Now he could. All he had to do was turn it on.
Nothing changes here. He heard Susannah’s words again. He had never turned on this model computer. He never would, not if he stayed here.
Now he knew why his father was always at the hospital. For he had no father, not one he knew. The man who had been taken, the man who would have swallowed his scream as the police wrenched his arm, he knew that man was gone.
He still had a father, somewhere. But that man had gone through years of prison, torture, if even a fraction of the rumours were true. The man in Australia was Faris’s father, but not the one he knew.

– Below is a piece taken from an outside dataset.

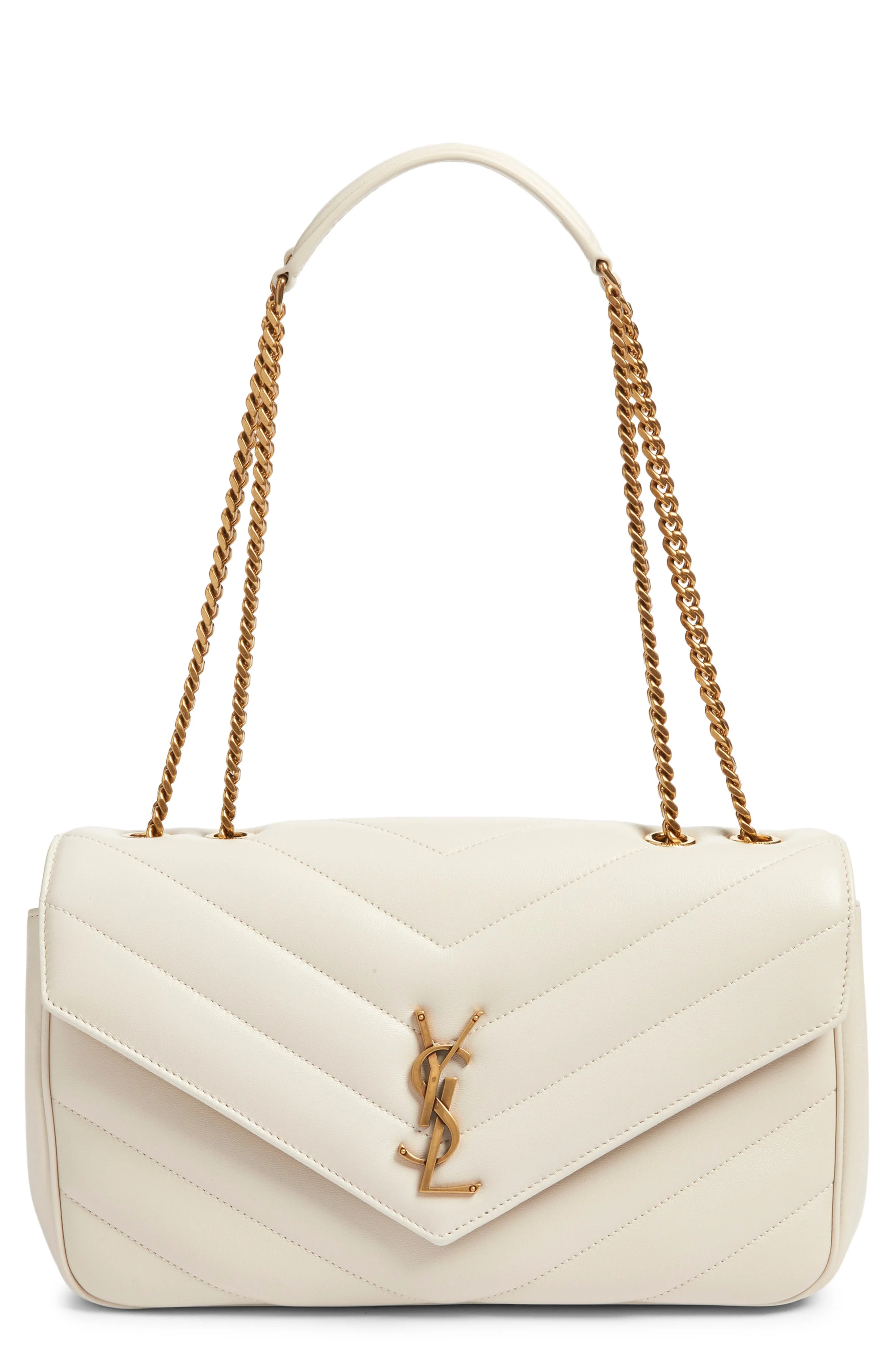 Saint Laurent Medium Loulou Quilted Leather Shoulder Bag in Blanc Vintage at Nordstrom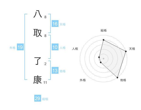 八取 了康さんの総格は29画の4点!

There was no father for him here.
But there was Jadda. He got up, dressed, in jeans again but a different-coloured T-shirt, went out to find the buffet breakfast, the one on the holiday websites for the place called Uluru and for the Great Barrier Reef. Those are from my memories, he thought. This is my version of Australia. No wonder the food had little taste. He had seen it in photos of Australian resorts on the internet: he had never actually tasted it. Only imagined. Only dreamed.
But he had known Jadda. Did know her. He hugged her especially hard this morning, heard her laugh as she hugged back, smelled her hand cream.
If this is memory and imagination, he thought, as he sat down to drink the tall glass of pineapple juice, topped with an umbrella and a cherry, then it’s good. Just like Billy said.
But it was different now. He knew it. He couldn’t let it go.
He looked around the room. There would never be a surprise in this room, never something new to find.
He looked up to find Jadda watching him. ‘Go to the beach,’ she said softly. ‘G
o and be with your friends.’
It was what Jadda would have said. It was what he knew he needed too.
He hugged her hard again, swiftly. Even if she was from his memory, she was still the Jadda he loved, who loved him too.
He jogged along the quiet street. No children played in the gardens. No women walked the footpath with shopping baskets. No one drove the shiny cars.
Why hadn’t he seen it before?
Because I didn’t want to, he thought. Because I needed quiet and safety.
He climbed the sand hill. Down on the beach Billy, Susannah, Mudurra and Juhi tossed the ball to each other. Billy hadn’t mentioned Juhi, he realised. She must have come with Mudurra. But then Juhi was only a girl. He trudged down the sand. Billy looked up at him and gave a grin of relief.
‘Hey, good to see you, matey. Come on down.’
He’s glad I haven’t gone through the doorway, thought Faris. He’s glad I’m still here, and safe. Billy wasn’t the bully he had at first thought. He was a protector, just like Susannah.
One by one the others wandered down the sand hill and joined in the game. Faris looked at them curiously. It was as though until now they had just been playmates, part of the game. Now he suddenly wanted to know their stories and who they were.
Susannah brought down a mutton-and-potato stew for lunch. It wasn’t spiced like Jamila’s, but it was fatty and comforting. Did your mother make the stew? thought Faris, as he ran up the beach and took the giant pot from her. Or did it just appear, like my giant buffet breakfast is always on the table when I come out from the bathroom?
Where had Jamila come from? What was her dream Australia like? Were her bright scarves and dresses from her past, or were they the clothes she had longed for?